Notes on “A framework and methodology for studying the causes of software errors in programming systems”

June 27, 2009

“A framework and methodology for studying the causes of software errors in programming systems”: Andrew Ko and Brad Myers.

Six part paper. Expanded version of Ko 2003. 40+ pages.

Section 1: Software errors are common and expensive. Existing tools for describing programming system error-proneness are inadequate.

Section 2: Classifications of programming difficulties

Four salient aspects of software errors:

  1. Surface Qualities: Notational issues
  2. Cognitive Cause: Forgetting, misunderstanding, not knowing, etc.
  3. Programming Activity: Specification, algorithm design, etc.
  4. Type of Action leading to the error: Creating code, reusing code, modifying specifications or code, designing, etc.

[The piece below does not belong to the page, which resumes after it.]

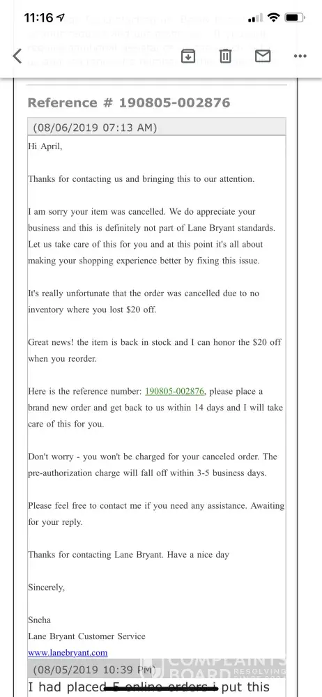Please reconsider so I can continue shopping with your store. I really don't want to take my business elsewhere but out of principle I will. Word of mouth goes a long ways and I'd love to share that Lane Bryant stood by its customer

James Reason’s Human Error gives a systemic view of failures and a catalog of common cognition failures.

A system has several layers, each with its own defenses. An error in one can lie dormant until it interacts with errors in other layers.

In software engineering, the layers could be viewed as:

  • Specifications (Ambiguous, incomplete, incorrect)
  • Programmer (Knowledge, attention, expertise)
  • Programming System (Compiler errors, static checkers, syntax highlighting, assertions, etc.)
  • Program (Software errors, possibly predisposed by one of the previous layers.)

An error at the programmer layer is called a cognitive breakdown.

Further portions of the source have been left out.